In order to more clearly illustrate the technical solutions in the embodiments of the present application, the drawings needed to be used in the description of the embodiments are briefly introduced below, and it is obvious that the drawings in the following description are only some embodiments of the present application, and it is obvious for those skilled in the art to obtain other drawings based on these drawings without creative efforts.

FIG. 1 is a flowchart illustrating steps of an adaptive image cropping fusion method according to an embodiment of the present invention;

FIG. 2 is a flowchart illustrating steps of another adaptive image cropping and blending method according to an embodiment of the present invention;

FIG. 3 is a schematic flow chart of content management adding video based on classification tags in the embodiment of the present invention;

FIG. 4 is a schematic flow chart of a recommendation preference model and a similar model based on classification labels according to an embodiment of the present invention;

FIG. 5 is a diagram illustrating search flow index synchronization based on category labels according to an embodiment of the present invention.

Detailed Description

Reference will now be made in detail to embodiments of the present invention, examples of which are illustrated in the accompanying drawings, wherein like or similar reference numerals refer to the same or similar elements or elements having the same or similar function throughout. The embodiments described below with reference to the accompanying drawings are illustrative only for the purpose of explaining the present invention, and are not to be construed as limiting the present invention. The step numbers in the following embodiments are provided only for convenience of illustration, the order between the steps is not limited at all, and the execution order of each step in the embodiments can be adapted according to the understanding of those skilled in the art.

In combination with the description in the foregoing background art, in some practical scenarios, the following technical problems exist in the scheme or method for labeling video classification tags in the related art: the marking process requires that an editor has high aesthetic ability and patience, and has the problems of low efficiency, low speed, high subjective quality of labels, low coverage rate of video frames and the like; the AI content identification technology has high requirements on the content of the video, requires that the video frame is relatively simple and cannot generate too many interference pictures; the AI content identification technology can only acquire effective information of the video content, and under the condition that the video content is not enough to represent the video key information, other key information is easy to ignore, so that the problem of insufficient effectiveness exists, and a more meaningful reference value cannot be provided for the actual service requirement.

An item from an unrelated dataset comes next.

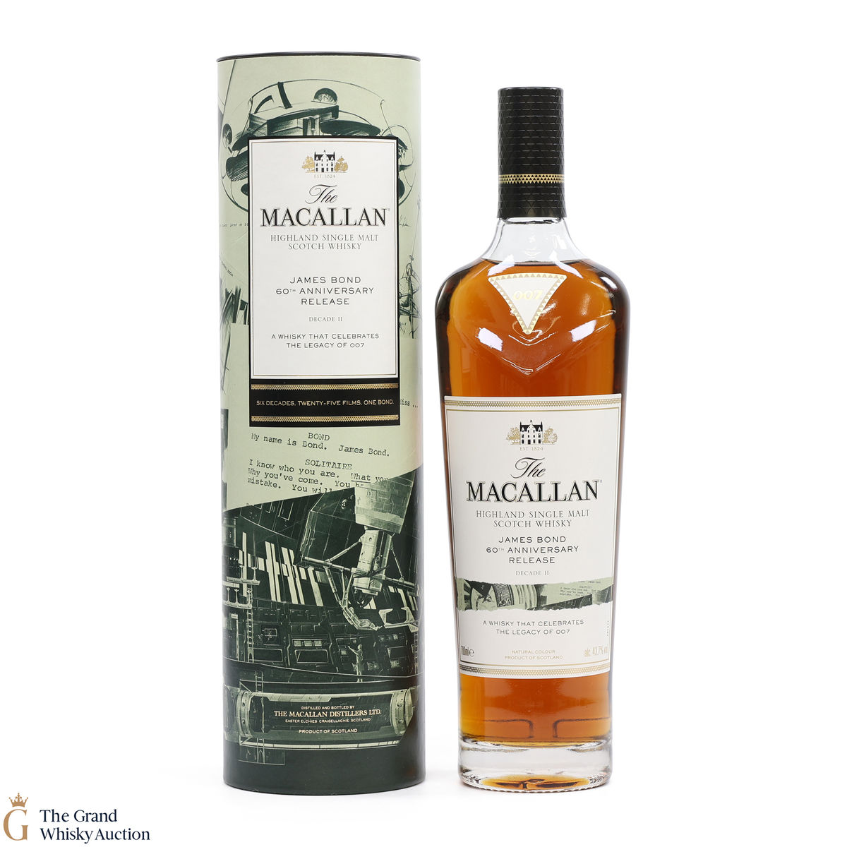 The remarkable James Bond 60th Anniversary Release is a celebration of 007 and The Macallan as modern innovators linked by their Scottish heritage. Each bottle’s packaging features an original illustrative design and colour to denote the decade it represents.
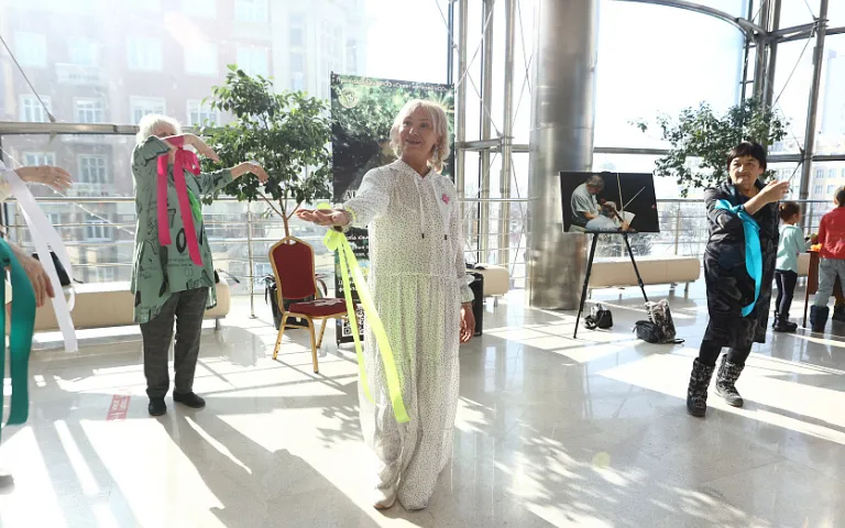 Большое помещение разбили на три зоны. На площадке для физического здоровья гостей научили массажу, работе на спортивных тренажёрах, растяжке и укреплению мышц, провели групповую зарядку для спины и суставов.

Therefore, with the rapid development of short video services, the number of short videos also comes up to the outbreak period, but considering some features below the short videos, the traditional classification labeling method for the long videos is not applicable to the short videos. The content of the short video is more precise and shorter, the time length of the short video is about 60 seconds generally, and the short video does not contain a large amount of different information, so that a large amount of even complete video frames do not need to be analyzed like the traditional method of the long video, and a large optimization space exists in the classification prediction time. The information of the short video is more standard and clear, and the mining value is very high. Since short videos belong to postero-start, in the era of prevailing data analysis nowadays, clear and normative descriptive information such as { singer } _ { song name } _ MV/singing } is generally possessed, the effective features are ignored by the traditional classification labeling method of long videos, and an optimization space exists in the label accuracy.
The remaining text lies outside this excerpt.